Wayne inciampò sull'ultimo gradino e imprecò mentalmente, raccogliendo i libri che gli erano caduti a terra. Non era sicuramente un caso che gli si fosse rotta la borsa proprio al passaggio di un gruppo di Slytherin che ora sghignazzava, ma giudicò più sicuro far finta di nulla. La sua carriera scolastica era già sufficientemente compromessa senza lanciare fatture in giro.
Corse alla lezione di Difesa, in ritardo, e prese posto dopo aver salutato la professoressa e ricevuto un sorrisetto sgradevole.

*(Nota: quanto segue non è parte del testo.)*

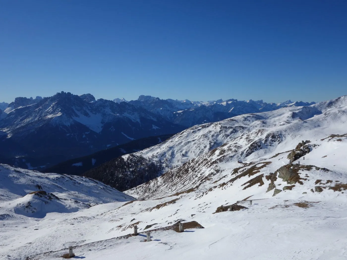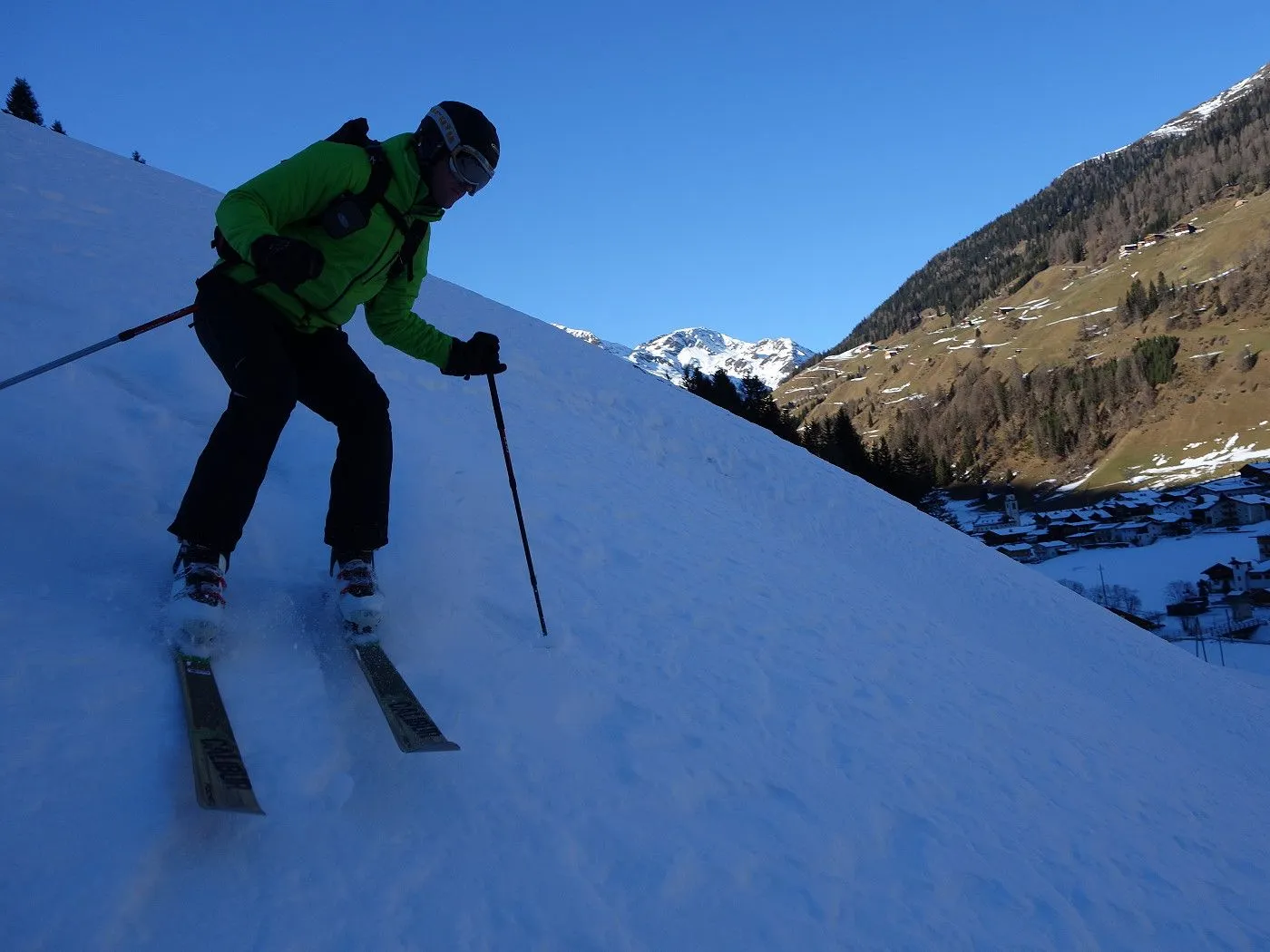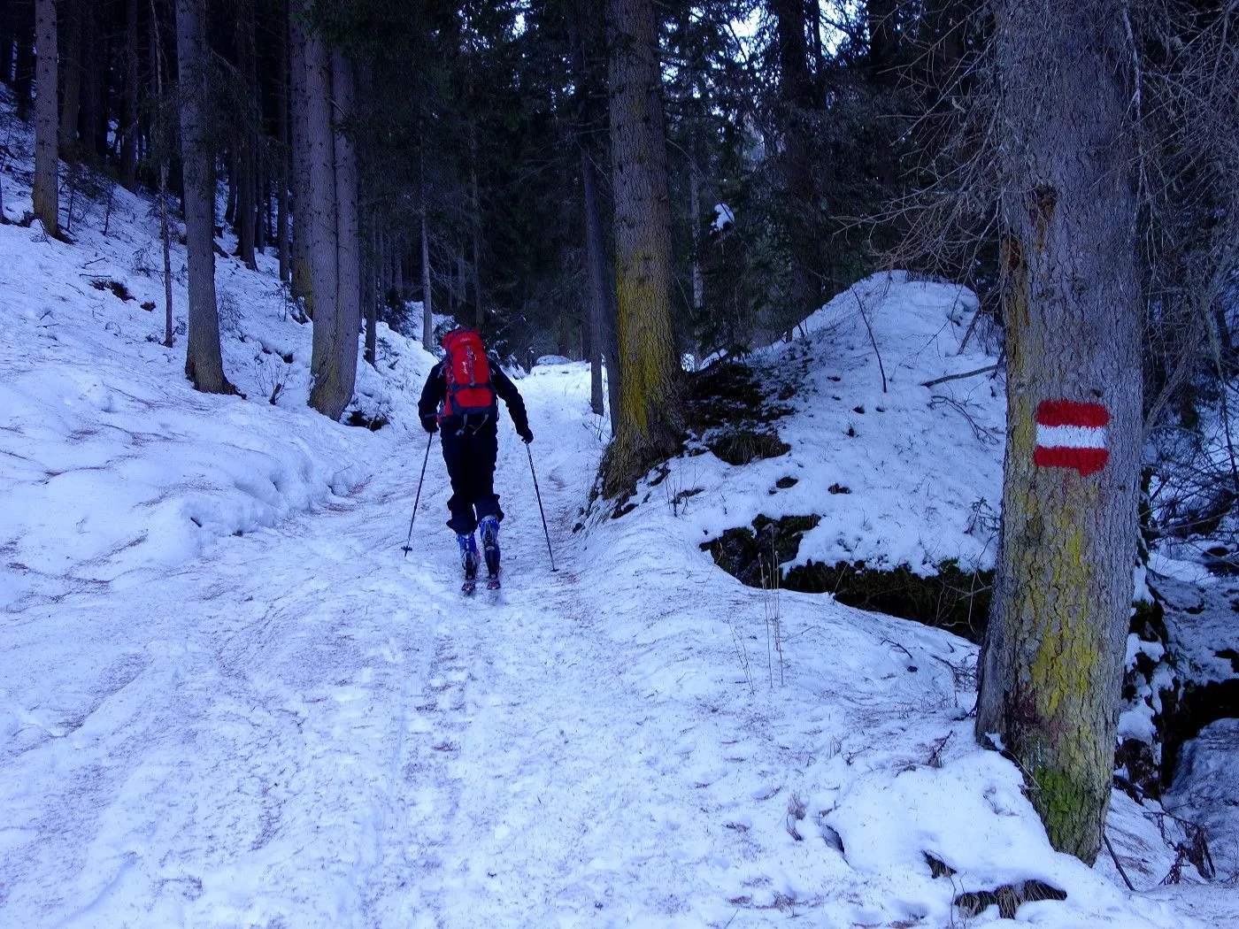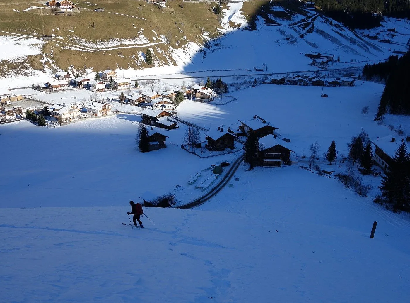 Technik: Mäßig anspruchsvoll; die Abfahrt über den schmalen Forstweg erfordert sicheres Skifahren. |

«Non ci sarà bisogno di parlare.» furono come al solito le ultime parole della donna prima che si immergessero nell'inutile lettura del libro. Wayne, che l'aveva già letto in un momento di particolare noia, cominciò a scarabocchiare disegnini finché non gli arrivò un biglietto.
C'è un motivo particolare per cui Stebbins mi ha quasi aggredita in Sala Grande quando gli ho chiesto come stava?
Si guardò attorno e vide che la Chang lo fissava.
Michael è poco in sé, come spero tu abbia notato dai suoi vari attacchi da prima donna a pranzo e a cena. Non è nulla di personale.
Poco dopo arrivò la risposta.
Eppure ho avuto l'impressione che ce l'avesse con me perché mi vedo con Harry.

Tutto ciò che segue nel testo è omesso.